EXERCISE DESCRIPTION:
Please, without any pictures, transcribe the lines from the one holding "Macro shot of" to the end of the listing, both ends included.

PROVIDED RECORDS:

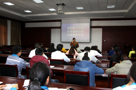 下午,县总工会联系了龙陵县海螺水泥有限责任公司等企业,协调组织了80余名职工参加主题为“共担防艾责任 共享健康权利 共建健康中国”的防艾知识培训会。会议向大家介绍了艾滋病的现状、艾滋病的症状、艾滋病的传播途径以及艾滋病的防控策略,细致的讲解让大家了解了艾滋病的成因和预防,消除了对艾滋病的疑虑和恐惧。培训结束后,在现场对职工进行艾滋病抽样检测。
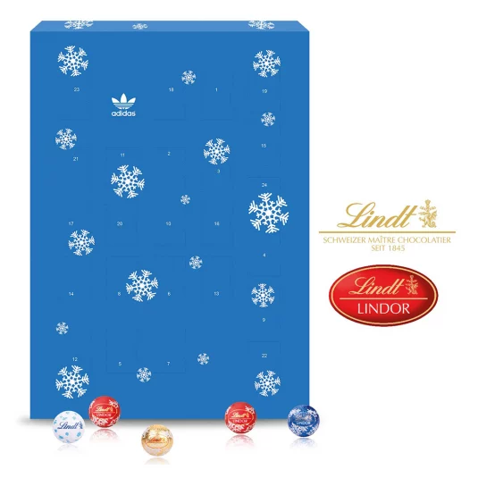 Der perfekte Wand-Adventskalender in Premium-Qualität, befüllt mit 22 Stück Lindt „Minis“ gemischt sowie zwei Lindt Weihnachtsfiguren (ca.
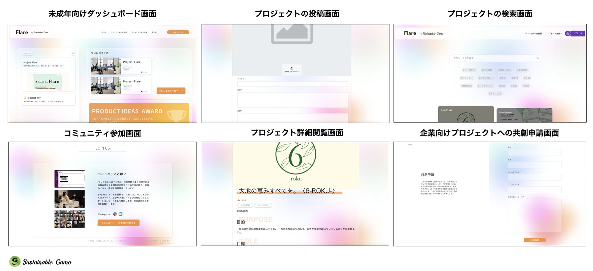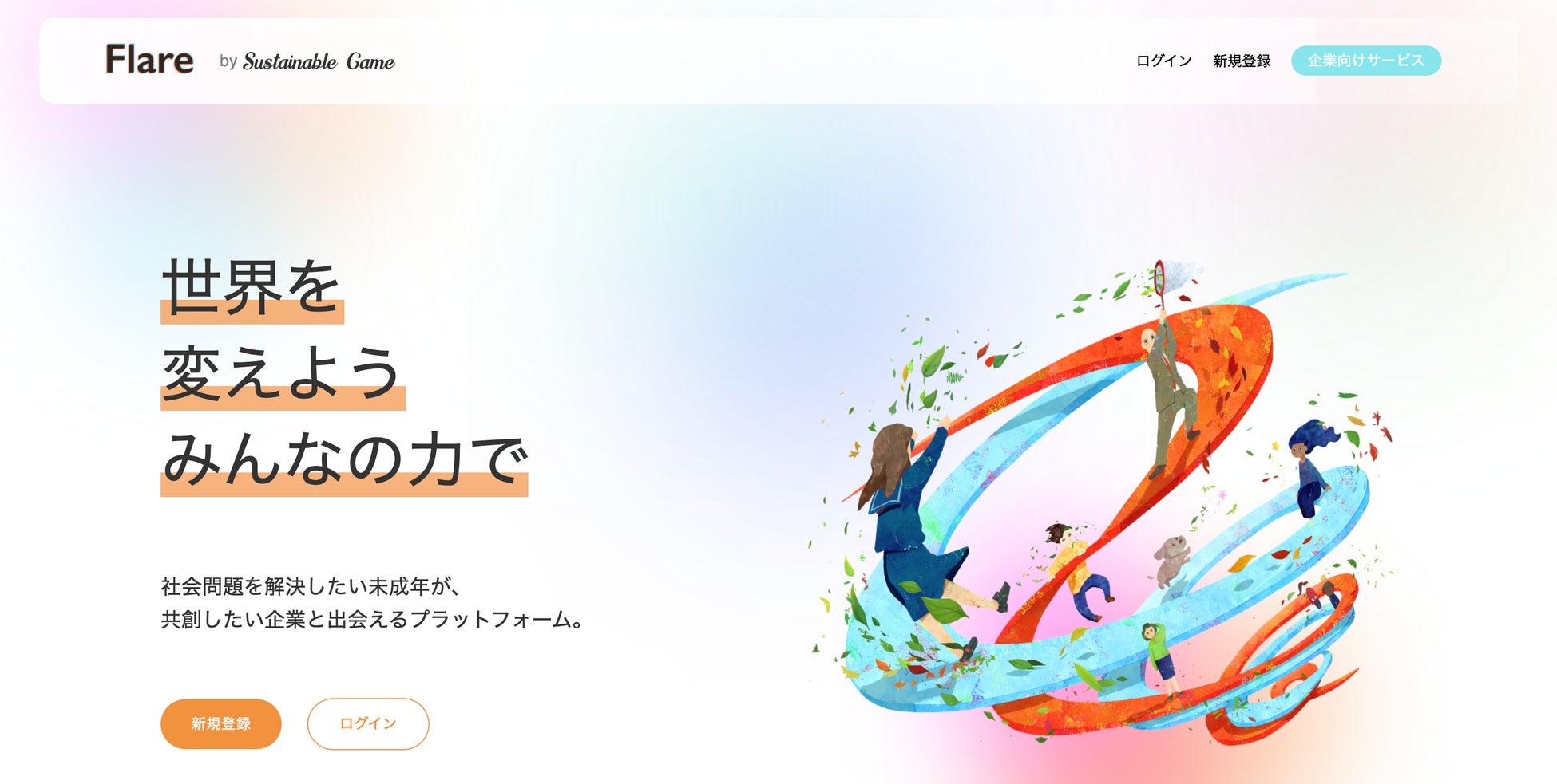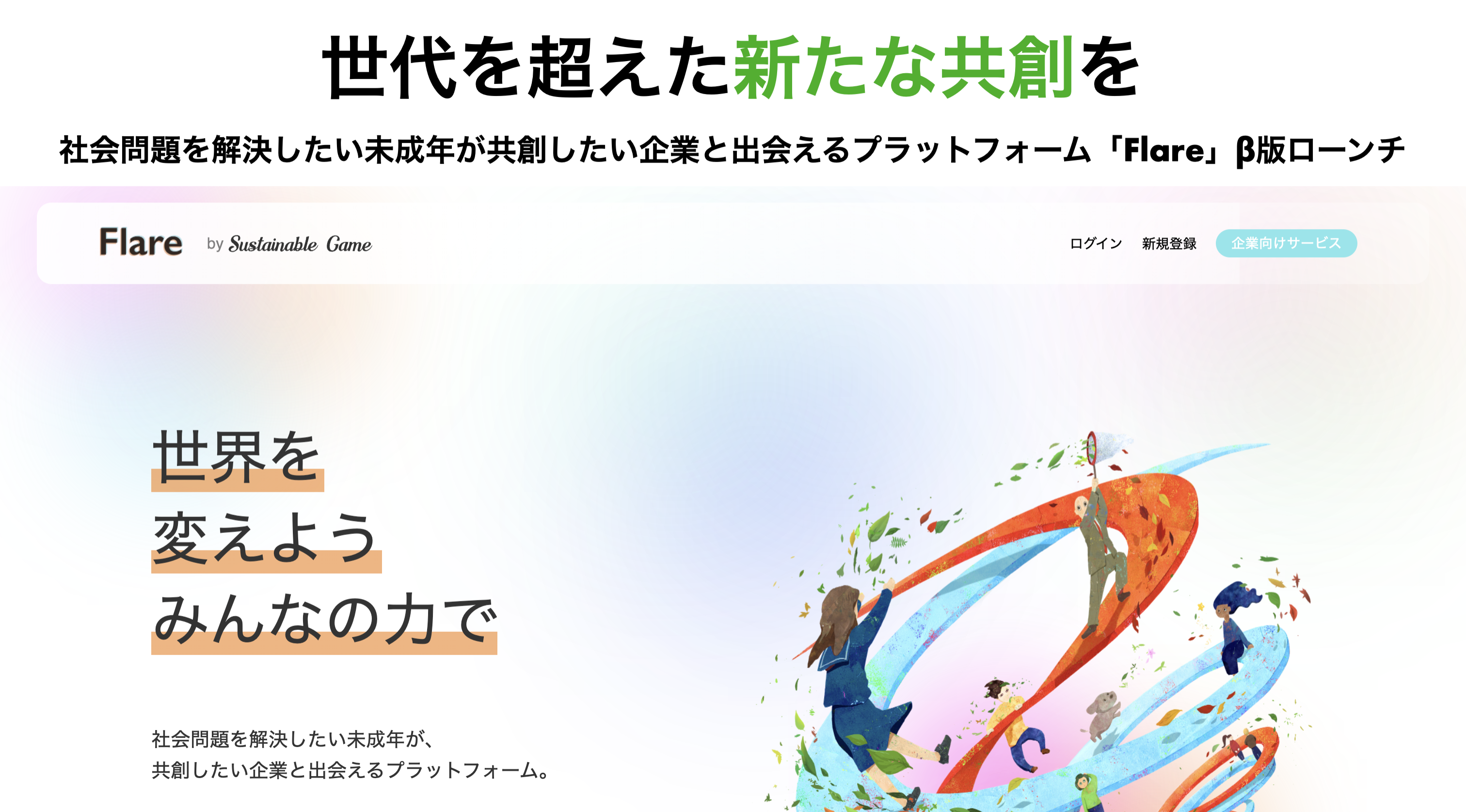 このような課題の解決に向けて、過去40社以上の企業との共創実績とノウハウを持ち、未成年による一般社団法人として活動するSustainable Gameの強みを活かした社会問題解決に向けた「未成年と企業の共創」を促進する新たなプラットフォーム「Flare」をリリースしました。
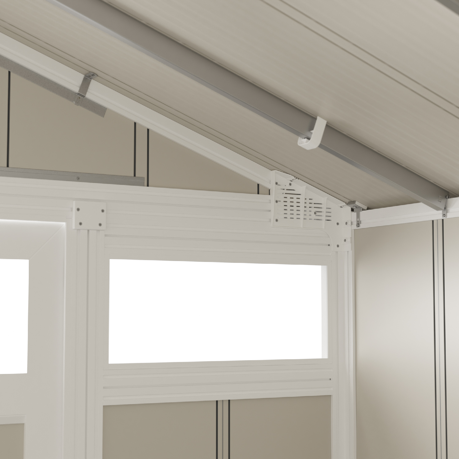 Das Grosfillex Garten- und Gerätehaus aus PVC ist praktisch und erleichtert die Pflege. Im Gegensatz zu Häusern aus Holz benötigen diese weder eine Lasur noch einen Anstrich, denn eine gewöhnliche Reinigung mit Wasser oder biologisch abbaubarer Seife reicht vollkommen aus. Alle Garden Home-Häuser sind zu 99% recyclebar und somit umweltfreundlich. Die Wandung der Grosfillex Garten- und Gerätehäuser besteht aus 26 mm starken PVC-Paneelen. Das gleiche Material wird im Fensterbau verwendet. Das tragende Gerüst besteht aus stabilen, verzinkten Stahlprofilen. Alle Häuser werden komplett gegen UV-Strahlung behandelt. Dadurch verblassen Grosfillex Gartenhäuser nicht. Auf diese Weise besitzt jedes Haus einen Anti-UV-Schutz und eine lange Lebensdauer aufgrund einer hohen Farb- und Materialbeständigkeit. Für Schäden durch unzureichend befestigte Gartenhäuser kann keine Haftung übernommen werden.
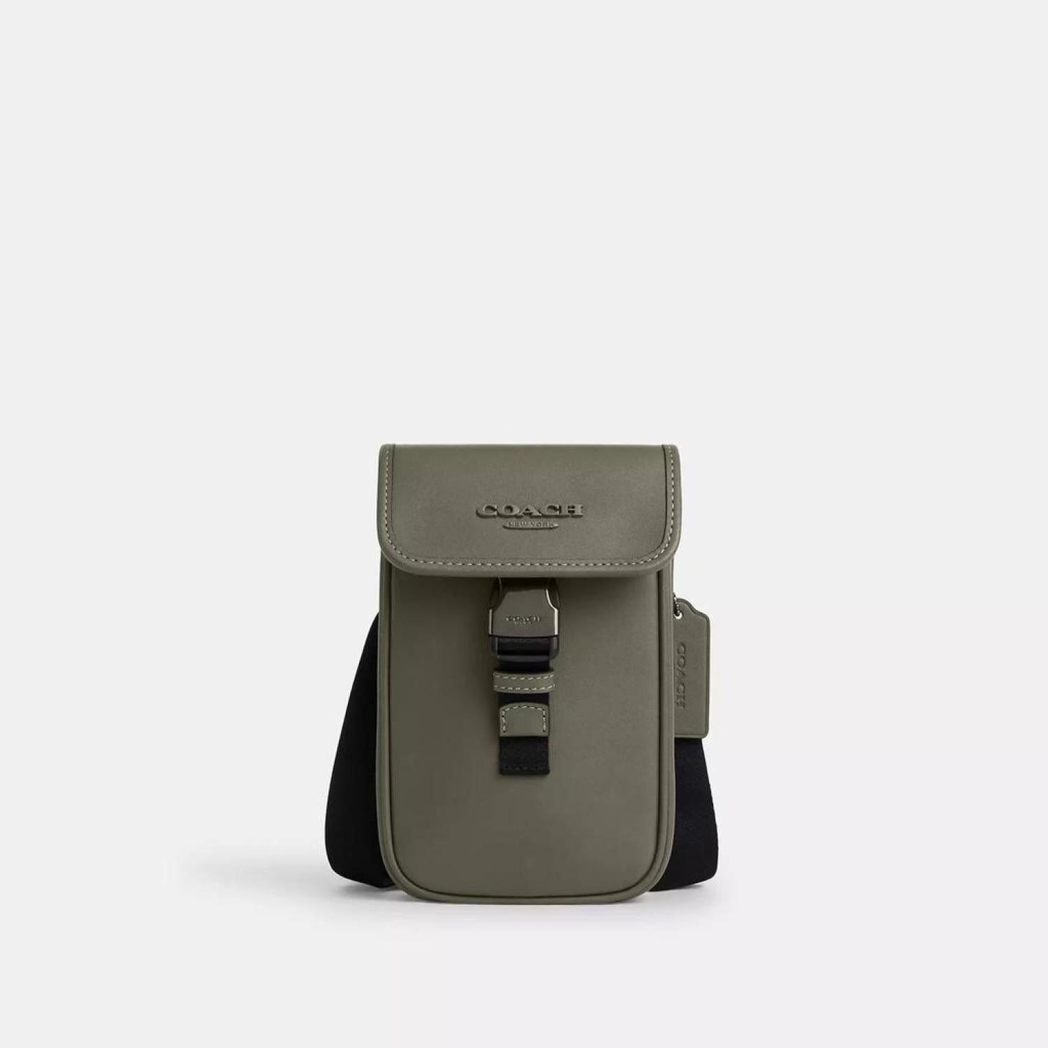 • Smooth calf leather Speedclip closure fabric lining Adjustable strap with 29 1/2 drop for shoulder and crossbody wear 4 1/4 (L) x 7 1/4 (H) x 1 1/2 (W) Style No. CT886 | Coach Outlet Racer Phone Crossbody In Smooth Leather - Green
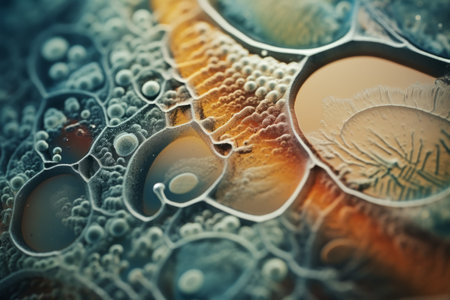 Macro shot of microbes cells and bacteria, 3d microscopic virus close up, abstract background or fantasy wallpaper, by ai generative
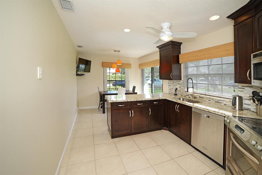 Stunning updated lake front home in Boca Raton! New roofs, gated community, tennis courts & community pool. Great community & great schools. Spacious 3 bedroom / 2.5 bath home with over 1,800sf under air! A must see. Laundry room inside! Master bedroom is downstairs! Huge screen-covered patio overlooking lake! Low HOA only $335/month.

TASK OUTPUT:
 Macro shot of microbes cells and bacteria, 3d microscopic virus close up, abstract background or fantasy wallpaper, by ai generative
 Stunning updated lake front home in Boca Raton! New roofs, gated community, tennis courts & community pool. Great community & great schools. Spacious 3 bedroom / 2.5 bath home with over 1,800sf under air! A must see. Laundry room inside! Master bedroom is downstairs! Huge screen-covered patio overlooking lake! Low HOA only $335/month.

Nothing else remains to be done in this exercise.